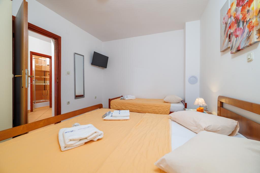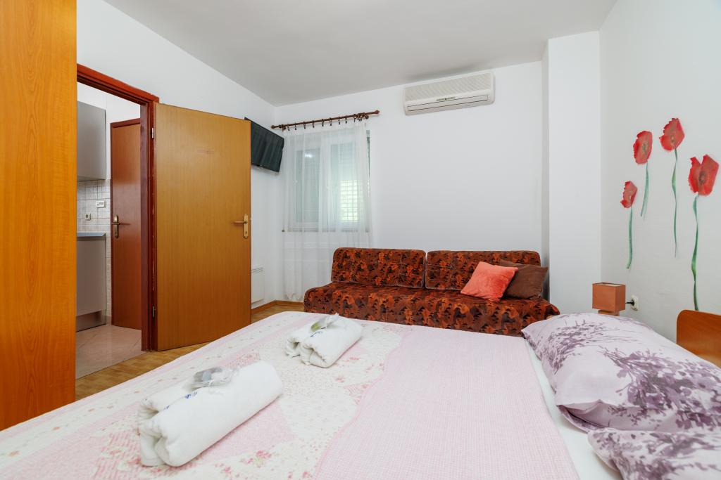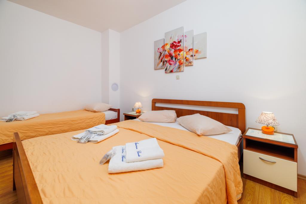 Komfortní pokoje, součástí pokoje je koupelna, balkon, lednička. To se nachází ve velmi klidné části města a pouhých 5 minut od pláže. Je klimatizovaný, a parkoviště pro vozidla. Na zahradě je gril a stůl se židlemi, takže je to možné a večeřet. Mario a jeho rodina jsou velmi servis a jsou vždy tam odpovědět na Vaše dotazy. Děkujeme vám za vaši krátké, ale krásné místnosti. Tina a Tom
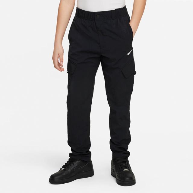 ナイキ キッズ カーゴパンツ ウィンドブレーカー NIKE アウトドア プレー ジュニア ウーブン ロングパンツ 130cm 140cm 150cm 160cm キッズウェア 子供服 長ズボン ずぼん ボトムス 黒 スポーティ ウェア 春夏 ブランド アパレル/FD3239-010
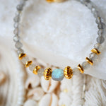 Bracelet composé de labradorites 4mm, d'une labradorite centrale de 4mm et de breloques dorées or fin
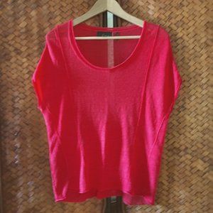 Very good preowned condition, poppy red, sleeveless, knit top by Line & Dot. A very cool 80s throwback top. The fabric has an overall semi-sheer look, so may need to be worn with a bralette or camisole.
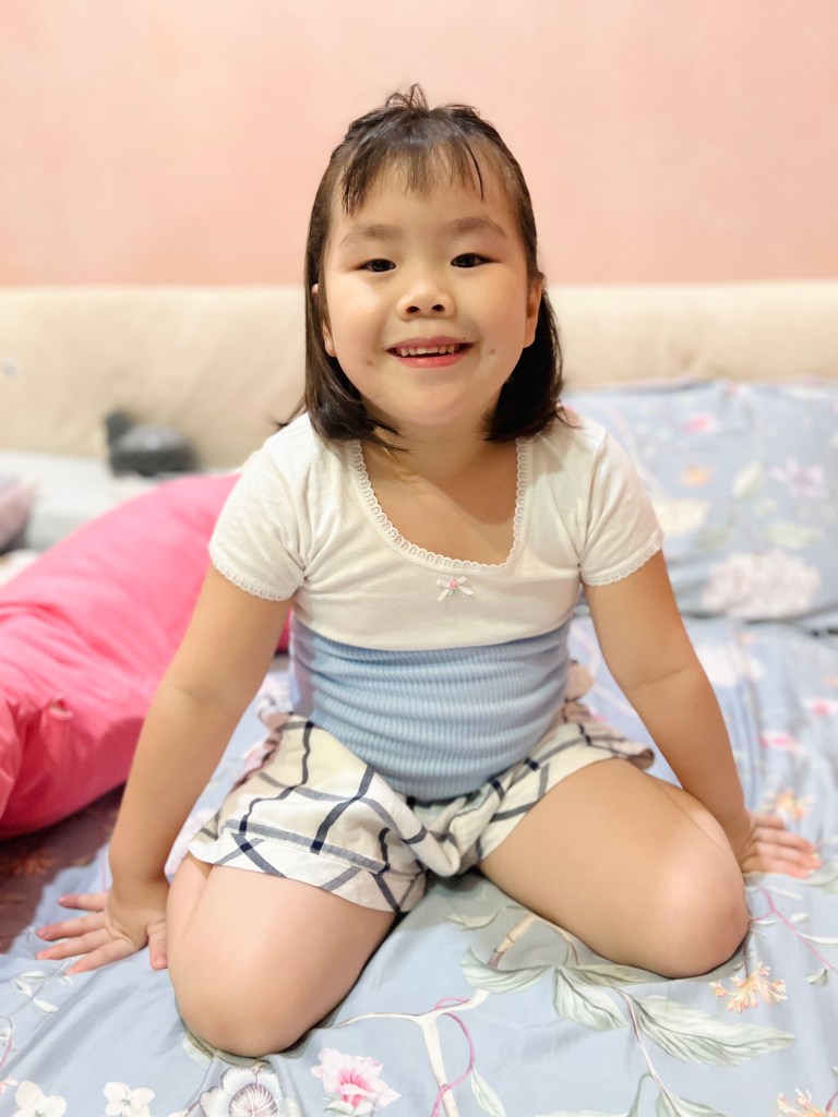 娘娘現在是116公分/26公斤,偏胖肚子大,內衣穿120,內褲130。
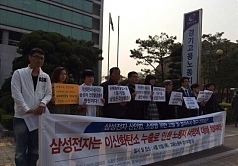 삼성전자 수원사업장에서 노동자가 질식사망 한 사고에 대한 철저한 수사와 삼성처벌을 촉구하는 목소리가 높다. 10일 오전 삼성바로잡기운동본부와 반...
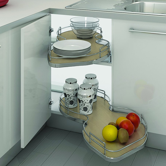 Four-basket storage solution for blind corners

WHAT YOU ARE ASKED TO DO: Pictures are to be dropped; the lines from the start of the entries above through the line with "Bracelet composé de" are to be given again verbatim.

ANSWER TO THIS EXERCISE:
 Komfortní pokoje, součástí pokoje je koupelna, balkon, lednička. To se nachází ve velmi klidné části města a pouhých 5 minut od pláže. Je klimatizovaný, a parkoviště pro vozidla. Na zahradě je gril a stůl se židlemi, takže je to možné a večeřet. Mario a jeho rodina jsou velmi servis a jsou vždy tam odpovědět na Vaše dotazy. Děkujeme vám za vaši krátké, ale krásné místnosti. Tina a Tom
 ナイキ キッズ カーゴパンツ ウィンドブレーカー NIKE アウトドア プレー ジュニア ウーブン ロングパンツ 130cm 140cm 150cm 160cm キッズウェア 子供服 長ズボン ずぼん ボトムス 黒 スポーティ ウェア 春夏 ブランド アパレル/FD3239-010
 Bracelet composé de labradorites 4mm, d'une labradorite centrale de 4mm et de breloques dorées or fin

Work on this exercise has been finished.